Sanibel Causeway/Punta Rassa (8:00 - 2:00)

Decided to try out the 'causeway...traffic is a mess! Started out wade fishing Punta Rassa. Saw a few bust just out of reach...didn't look like anyone else had any luck either. Despite not having any live bait I decided to try the bridge. Non of the live baiters had any luck! I decided to through the box at them...rewarded with two Jacks. Slow tide(all day incoming) and bottleneck dolphins so thick you could walk across them! Guess I was lucky to get what I got! 

Tight lines, 

Jighead


----------



## bigshark88 (Feb 13, 2003)

> I decided to through the box at them...

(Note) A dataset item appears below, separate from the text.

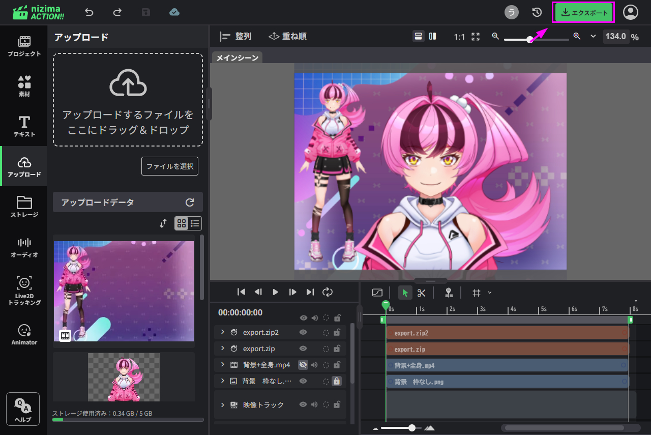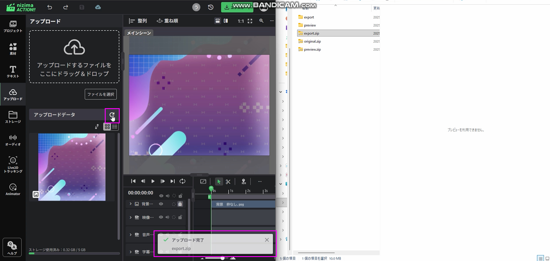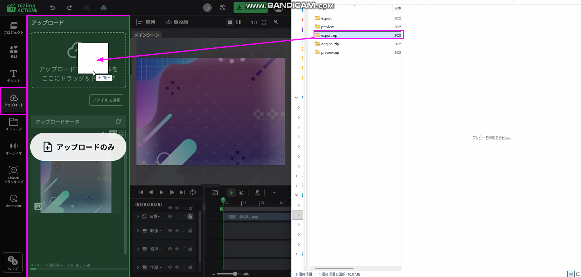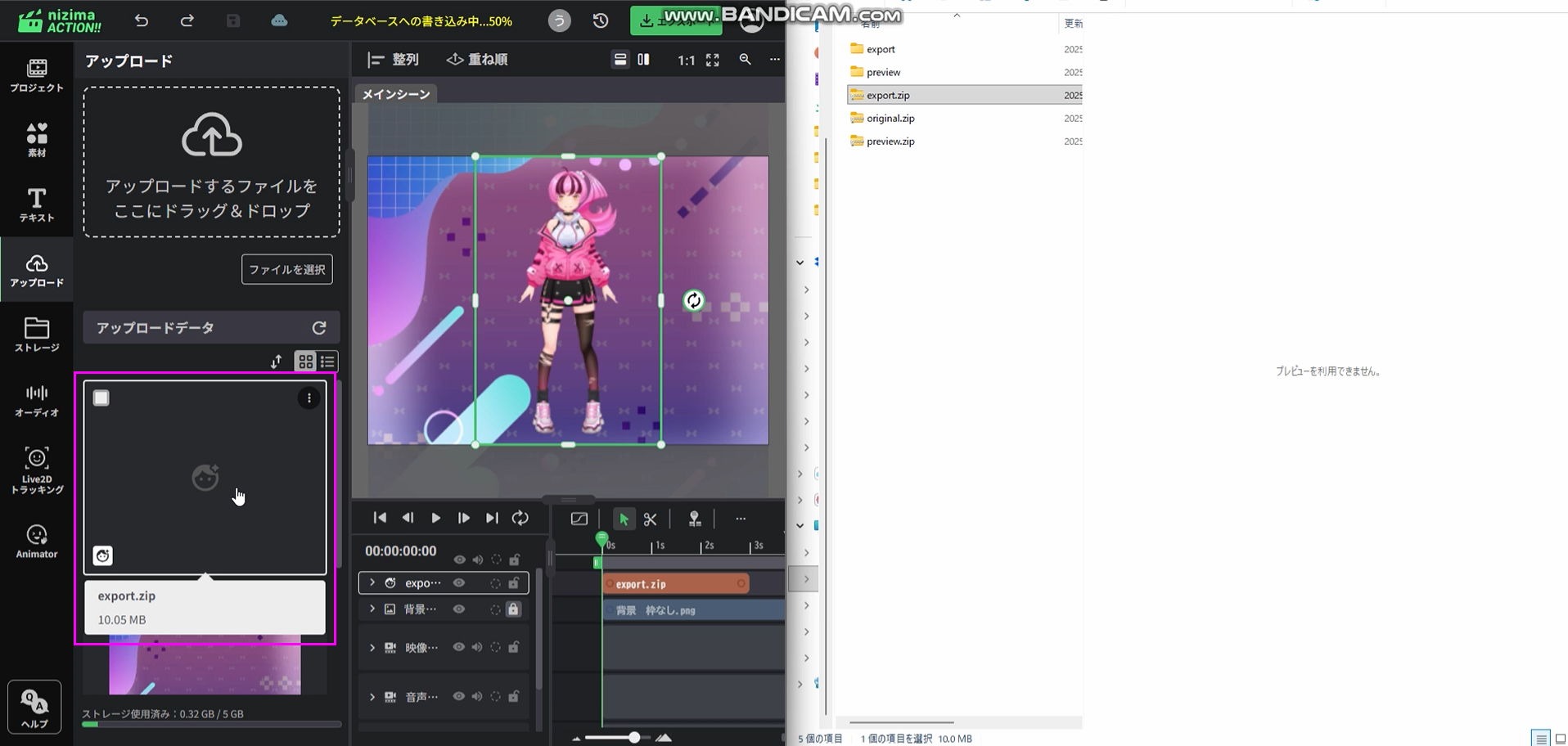 この「export.zip」データを「Nizima Action!!」にアプロードしよう
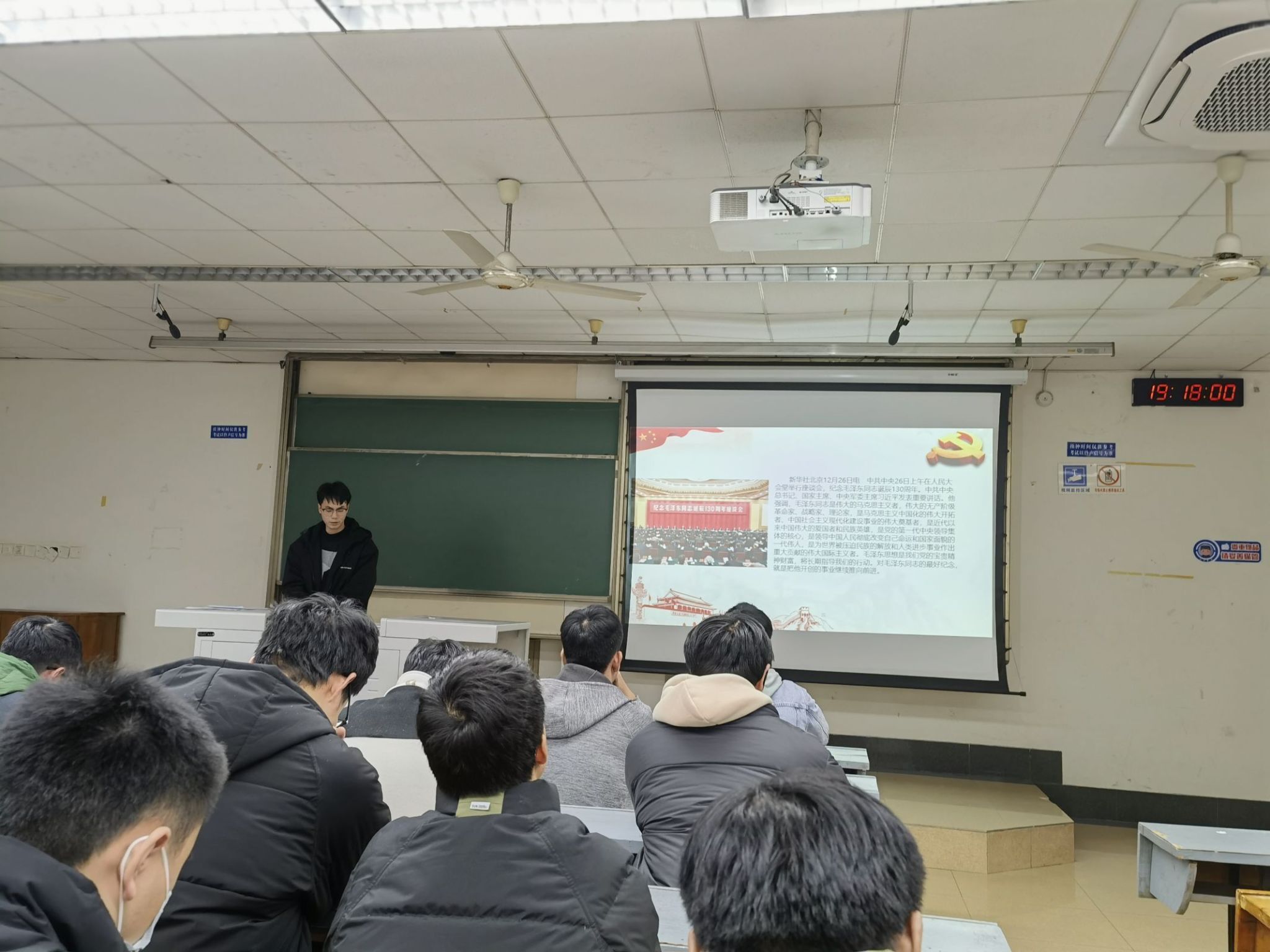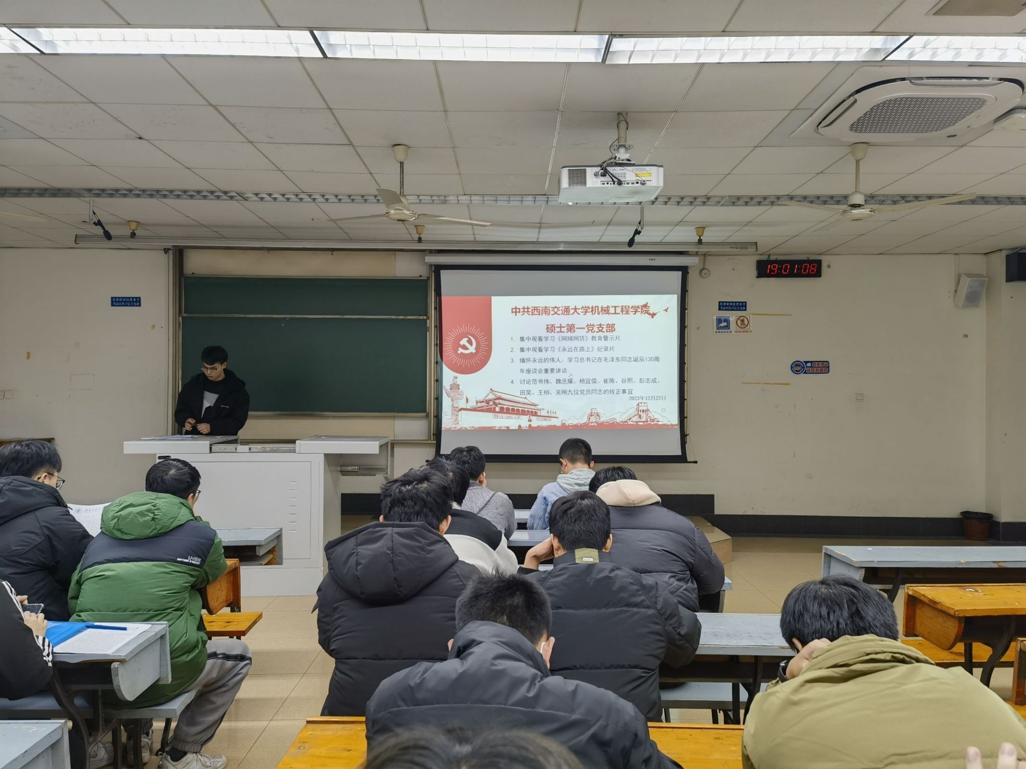 2023年12月27日,德信体育.(中国)官方网站硕士第一党支部在九里校区4号教学楼J4407B举行支部大会。活动内容共三项:第一项:集中学习观看《网赌网贷》教育警示片以及《永远在路上》纪录片;第二项:缅怀永远的伟人:学习习近平总书记在毛泽东同志诞辰130周年座谈会重要讲话;第三项:讨论范书伟、魏丞耀、杨宜儒、崔陈、谷熙、彭志成、田昊、王栩、吴刚九位党员同志的转正事宜。本次会议由曾鸿同志主持。

Im a newbie, could you please tell me what this means. 

At least you had a couple jacks on your line today. Better than getting skunked.


----------



## Jighead (Dec 1, 2002)

Hey Bigshark88,

"To through the box at them" means grapping every lure, jig, spoon, ect. and seeing if they will hit something. It worked. Luck today was 1 on a gold spoon and 1 on a silver with blue back rattletrap. Had two light hits(wasn't able to set the hook) on a yellow gotcha plug, 1 hit on a red jighead w/chartreuse twister tail, and two light bumps on a DOA "ghost" shrimp.

Tight lines,

Jighead


----------



## The Bucket (Mar 4, 2001)

Jighead,

Ventured to parts elsewhere today, eh ? I finally made it out as well check Willoughby report on VA board - albeit no fish  

Picked you & I up a gotcha today to go along w/storm plastics I scored for us at tackle show. You'll be seein' your lures of encouragement in next week or so.

Again, last local word I got from Valdosta (GA) John was that specks good way north of you are thick and hitting topwater baits/plugs. I'll let you know if I here anything else  

So what is your recipe for Flipper  

Get reel,

`bucket


----------



## Jighead (Dec 1, 2002)

You should have been here! You would have been in tears like the rest of us! A father and son went canoeing under the bridge just as the dolphins took after the fish. Water was boiling and they were getting a little bounced around! They screamed!

Tight lines,

Jighead


----------